Holmes se tut, et le silence soudain me fit l'effet d'une giclée d'angoisse lâchée dans mes veines comme cède un barrage sous la pression de l'eau qui dévaste alors tout sur son passage. J'avais besoin d'entendre sa voix, de me raccrocher aux vibrations de son sternum contre ma colonne vertébrale pour ne pas sombrer dans la panique.

« Continuez, » le pressai-je irrationnellement.

« Une rixe, donc, » obtempéra obligeamment mon ami en rapprochant un peu plus sa bouche de mon oreille – comme s'il avait senti qu'il était devenu mon seul lien ténu entre la réalité et la stupeur agitée dans laquelle je menaçais de basculer – de sorte que ses lèvres frôlaient régulièrement mon lobe. « Une rixe ne permet pas d'envisager un véritable mobile derrière une telle agression. Néanmoins, même si les hommes sont parfois totalement irrationnels, la violence du coup et le fait que votre assaillant a failli vous tuer semblent indiquer une volonté de vous nuire, donc que vous vous connaissiez ou que vous aviez un différend qui justifiât – aux yeux de notre homme, du moins – une telle action. Mmh, » roula Holmes à mon oreille et je sentis la vibration dans tout mon corps comme une décharge électrique. « Je dirais qu'une femme était en question. Je ne vous connais aucun penchant pour le jeu qui eût pu vous mettre en position de devoir des sommes astronomiques à un gentilhomme. Et vous avez cette habitude déconcertante de vouloir ne jamais rien devoir à qui que ce soit, de toute façon. Vous étiez trop jeune pour représenter la moindre concurrence au pouvoir potentiel que notre homme aurait pu avoir et vous n'avez jamais cherché à être en position de pouvoir, de façon générale... Je table sur le troisième type de maux qui mettent invariablement le Yard face à son inutilité notoire, après l'argent et la domination : le crime passionnel, commis sous l'influence de l'alcool, avec comme motif une femme convoitée – ou peut-être même séduite – par vous et votre agresseur. »
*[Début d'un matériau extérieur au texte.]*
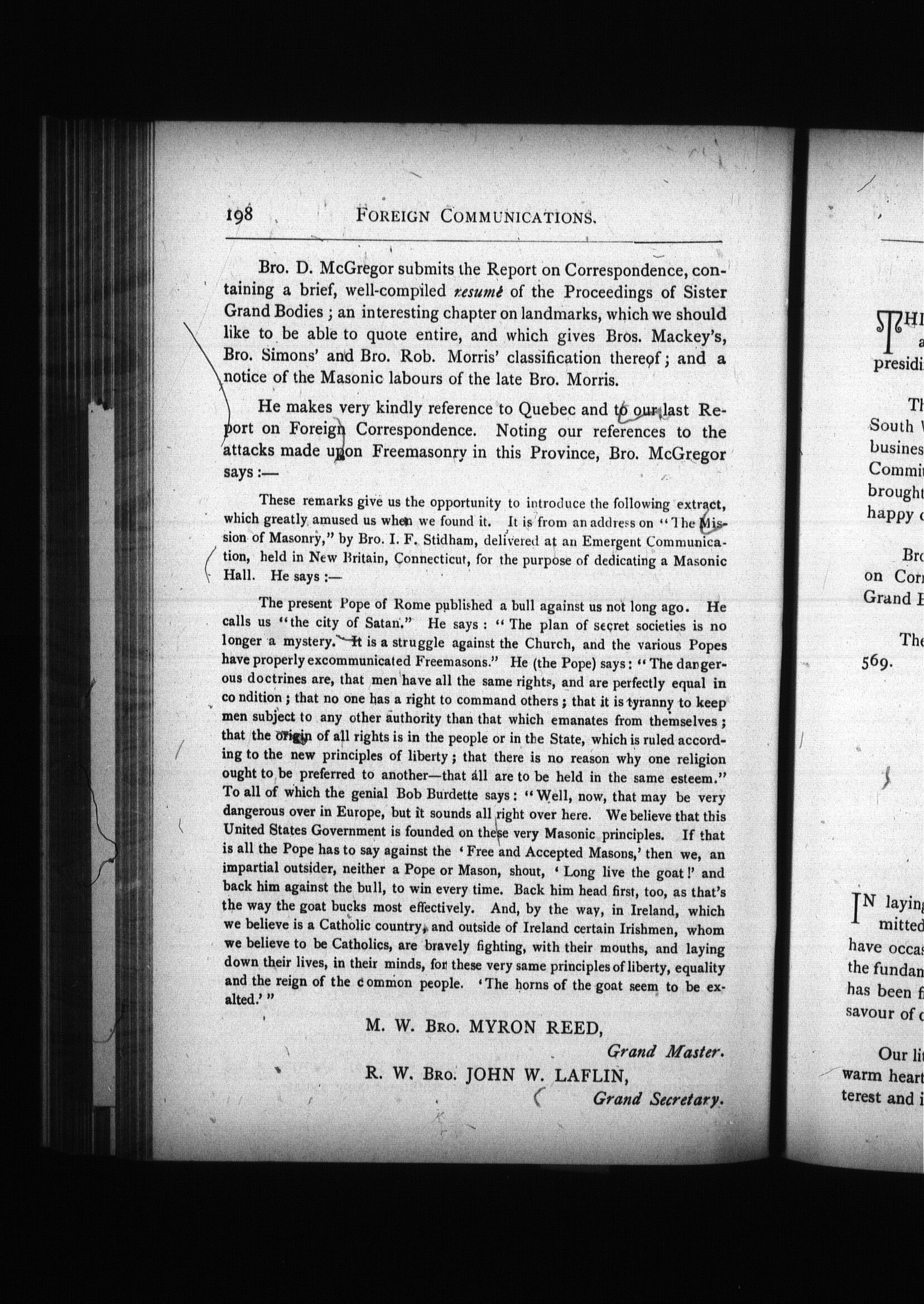 [Montréal?] : [Grand Lodge of Quebec, Ancient Free and Accepted Masons], 1890; 215 images, 214 avec recherche en texte intégral

J'acquiesçai, groggy par tant de paroles et surtout, par leur véracité. Déduire les informations relatives à ma blessure en Afghanistan semblait presque de l'amateurisme, à côté de ce que Holmes venait de lire dans ma blessure qu'il continuait de parcourir dans un sens puis dans l'autre du bout de ses doigts. Je n'avais jamais abordé le moindre de ces sujets avec lui, que ce fût la blessure en soi ou la femme en question, et encore moins l'époque à laquelle tout cela s'était déroulé.
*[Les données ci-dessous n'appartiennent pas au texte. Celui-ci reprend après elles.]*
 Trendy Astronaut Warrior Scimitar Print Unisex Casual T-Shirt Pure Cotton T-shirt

« Laissez-moi m'aventurer en des eaux plus troubles, » souffla encore le détective à mon oreille d'une voix joueuse, « et pardonnez-moi si je me fourvoie. Je vous avouerai être sur le point d'énoncer des hypothèses que mon instinct seul me souffle et qui ne sont en rien basées sur un fait ni un indice clair. Je vous ai déjà vu opérer avec les femmes, et votre prudence extrême dans vos tentatives de séduction tant que vous n'avez pas l'assurance que lesdites femelles ne sont pas autrement engagées me ferait penser que vous étiez, dans cette histoire vieille de quinze ans, l'amant et qu'il était le mari, ou le fiancé, du moins l'homme officiel de la situation. J'ai envie de croire en une aventure avec une femme plus âgée, car vous avez ce type respect pour le sexe faible et le désir ardent d'apprendre en tout domaine. Je vous vois donc vous faire enseigner les choses de l'amour par une femme d'âge mûr, et étant donné votre esprit romantique, je suis convaincu que vous pensiez l'aimer. Une femme allant sur la trentaine, donc, mariée, mère certainement. Et vous avez croisé le mari cocu dans un pub. Peut-être étiez-vous en train de vous venter de vos exploits auprès de vos camarades, que son mari était là et qu'il vous a entendu... »

Je secouai faiblement la tête, en signe de dénégation cette fois. Dans mon dos, Holmes bougea légèrement sur ses pieds : notre position n'était pas des plus confortables et commençait à durer, et il devait certainement ressentir des élancements dans les mollets et les cuisses. Quelle qu'en fût la raison, je sentis de nouvelles décharges se répandre dans mon corps et il me fallut toute ma concentration pour ne pas frissonner alors que je sentais toute la hauteur de son corps se mouvoir contre le mien jusqu'à ce qu'il trouvât un équilibre qui le soulagea.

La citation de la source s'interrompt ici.